Había comprado el potasio en Alemania, hacía más de siete meses. Por si acaso, se había dejado crecer la barba durante varias semanas antes de ir a una farmacia de un suburbio de Hamburgo. Esa misma noche se afeitó en un motel barato antes de salir hacia Kiel para tomar el transbordador de vuelta.

Por fin se había deshecho del potasio. Se había deshecho de todo menos de lo que iba a necesitar el 19 de junio.

Karsten Åsli se sentía aliviado. No tardó más de un cuarto de hora en llegar a casa.

Cuando estaba haciendo estiramientos en el umbral, se acordó de que hacía varios días que no bajaba a ver a Emilie. Ayer, antes de que apareciera Stubø, había decidido darle una última comida. Tenía que librarse de ella, pero no había decidido cómo. Tras la visita de Stubø tenía que tener aún más cuidado de lo que había previsto. Emilie tendría que esperar. Unos días, al menos. Allí abajo tenía agua, y de todos modos no comía nada. No había ninguna razón para bajar al sótano.

Ninguna en absoluto.
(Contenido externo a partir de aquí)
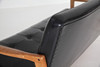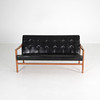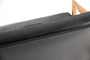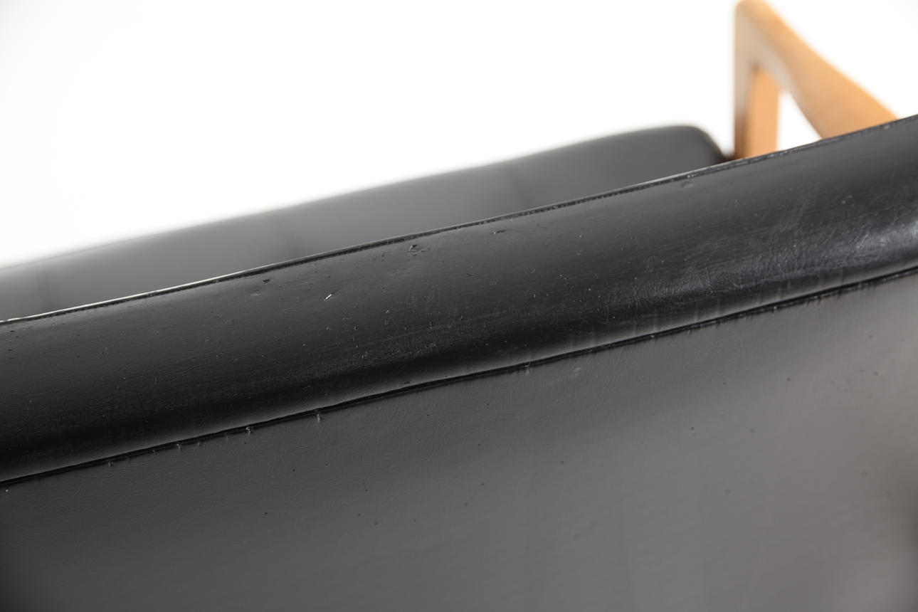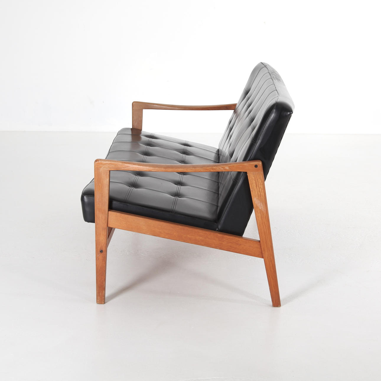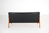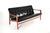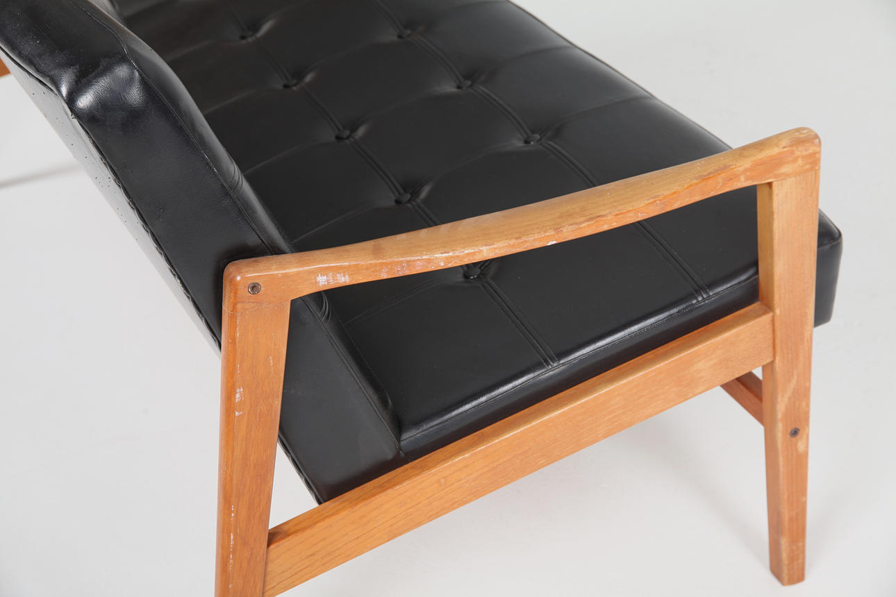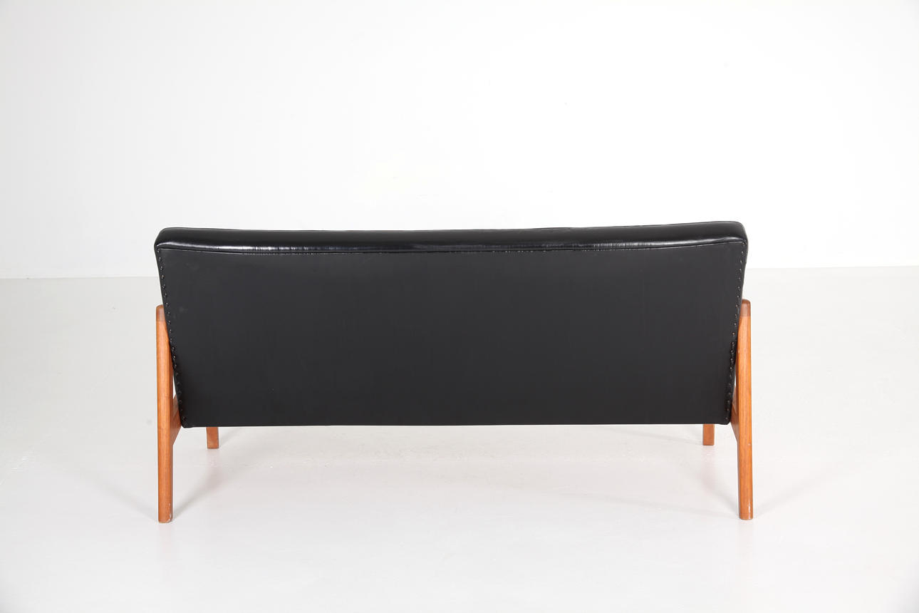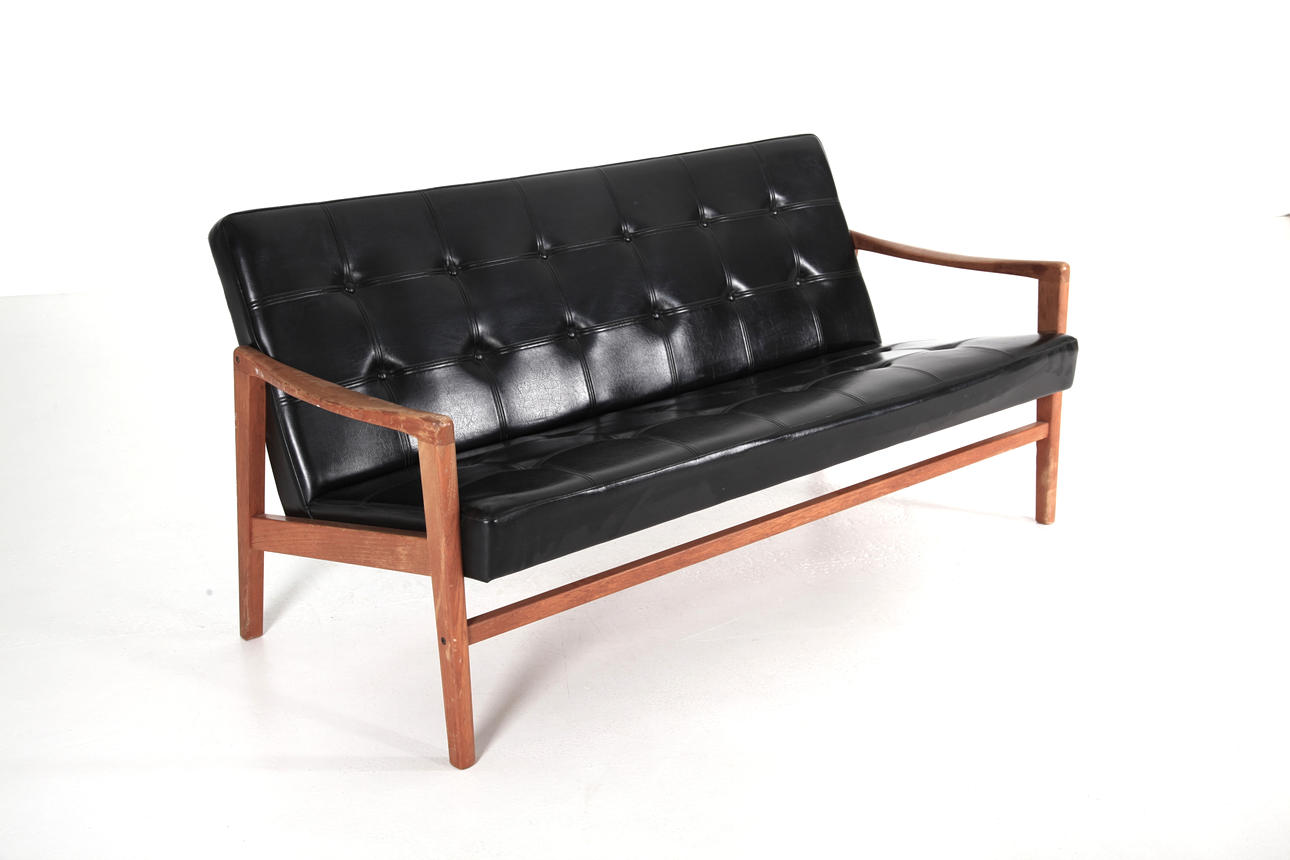 Sofa, teak, fully upholstered in black artificial leather,

Sonrió y se preparó para ir al trabajo.


El señor había desaparecido. Ya no existía.

Emilie tenía sed. Había agua en el grifo. Intentó levantarse, pero las piernas le habían adelgazado tanto… Trató de andar. No podía, a pesar de que se apoyaba contra la pared.

El señor había desaparecido. Quizá papá lo hubiera matado. Seguro que papá lo había encontrado y lo había cortado en pedacitos. Pero papá no sabía que ella estaba ahí, no la iba a encontrar nunca.

Tenía una sed horrible. Gateó hasta el grifo. Luego se reclinó sobre la pared y abrió el agua. Los calzoncillos se le resbalaron hasta los tobillos. Eran calzoncillos de chico, por mucho que la bragueta estuviera cerrada. Bebió.

Su ropa seguía doblada junto a la cama. Regresó tambaleándose a la cama, ahora a duras penas podía andar. Los calzoncillos se quedaron junto al lavabo. A Emilie la tripa se le había convertido en un gran agujero sin nada de hambre dentro. Luego tenía pensado ponerse la ropa. Era su propia ropa y quería llevarla puesta, pero primero tenía que dormir.

Lo mejor era dormir.

Papá había cortado al señor en pedacitos que había tirado al mar.

Seguía teniendo muchísima sed.

Quizá papá también estuviera muerto. No llegaba nunca.